Exercise details:
Find the line below with "さて、廊下側の2つの扉のうち" and the line with "Cozy seating groups". Output exactly those lines and everything between them, leaving out the pictures.

Dataset records:
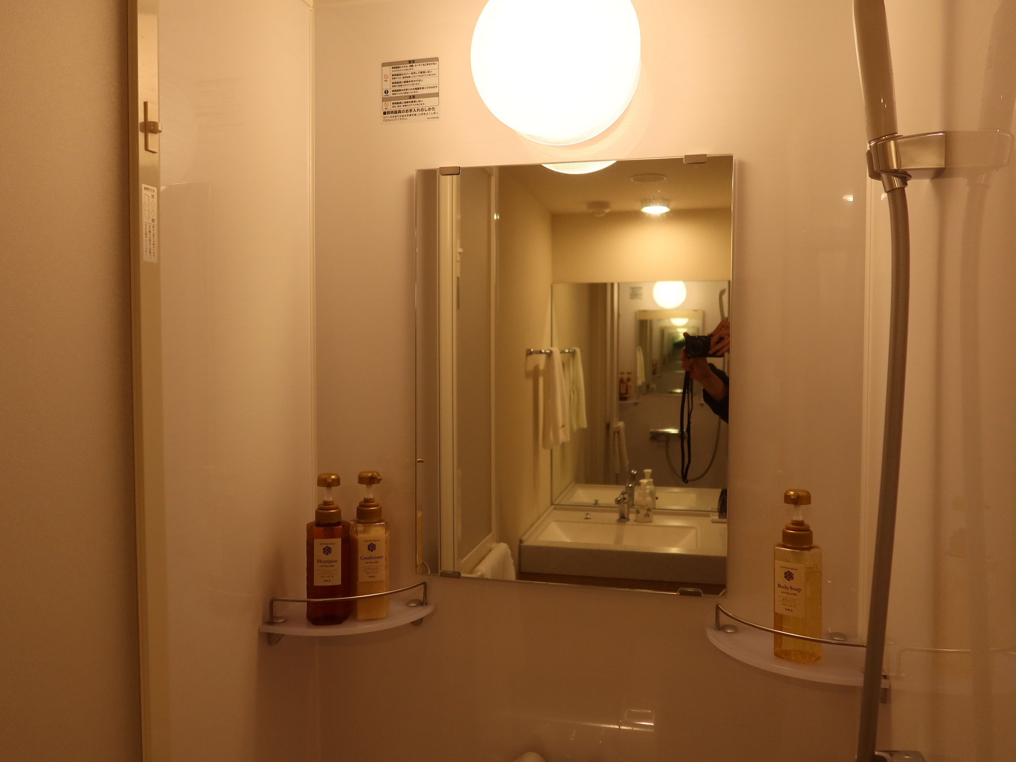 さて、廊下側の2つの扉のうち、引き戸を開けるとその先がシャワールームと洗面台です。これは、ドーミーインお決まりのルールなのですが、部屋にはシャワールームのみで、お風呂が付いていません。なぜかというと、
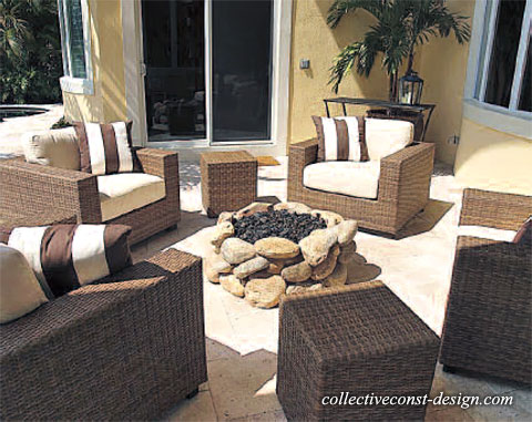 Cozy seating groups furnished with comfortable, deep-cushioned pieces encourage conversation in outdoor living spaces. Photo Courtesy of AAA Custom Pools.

--

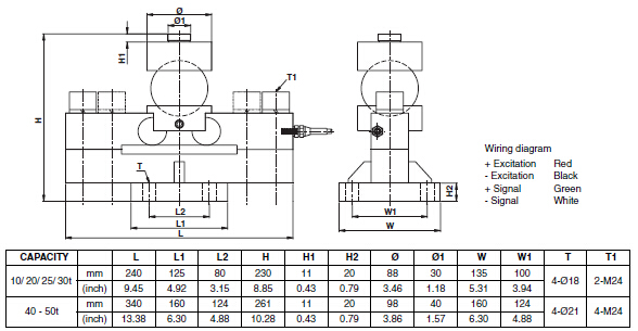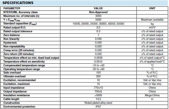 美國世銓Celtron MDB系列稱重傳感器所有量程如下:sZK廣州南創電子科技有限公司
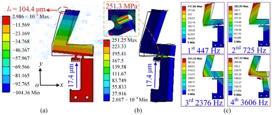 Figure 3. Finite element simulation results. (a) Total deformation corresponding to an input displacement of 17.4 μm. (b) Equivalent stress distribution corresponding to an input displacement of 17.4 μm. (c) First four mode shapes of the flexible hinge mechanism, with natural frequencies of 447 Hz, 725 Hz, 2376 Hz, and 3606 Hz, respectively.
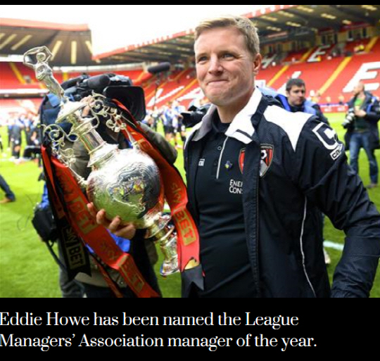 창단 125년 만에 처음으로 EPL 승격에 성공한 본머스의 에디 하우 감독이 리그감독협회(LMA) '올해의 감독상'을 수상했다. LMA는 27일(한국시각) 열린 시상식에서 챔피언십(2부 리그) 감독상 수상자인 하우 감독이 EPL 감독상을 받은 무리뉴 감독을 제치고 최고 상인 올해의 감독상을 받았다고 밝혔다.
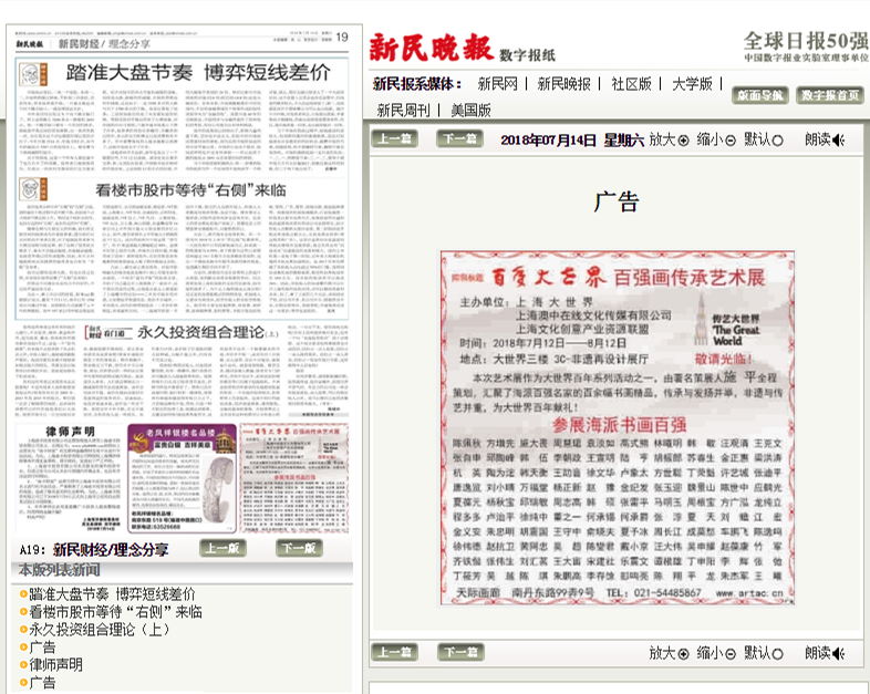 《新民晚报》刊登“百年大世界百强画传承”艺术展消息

Answer for the task:
 さて、廊下側の2つの扉のうち、引き戸を開けるとその先がシャワールームと洗面台です。これは、ドーミーインお決まりのルールなのですが、部屋にはシャワールームのみで、お風呂が付いていません。なぜかというと、
 Cozy seating groups furnished with comfortable, deep-cushioned pieces encourage conversation in outdoor living spaces. Photo Courtesy of AAA Custom Pools.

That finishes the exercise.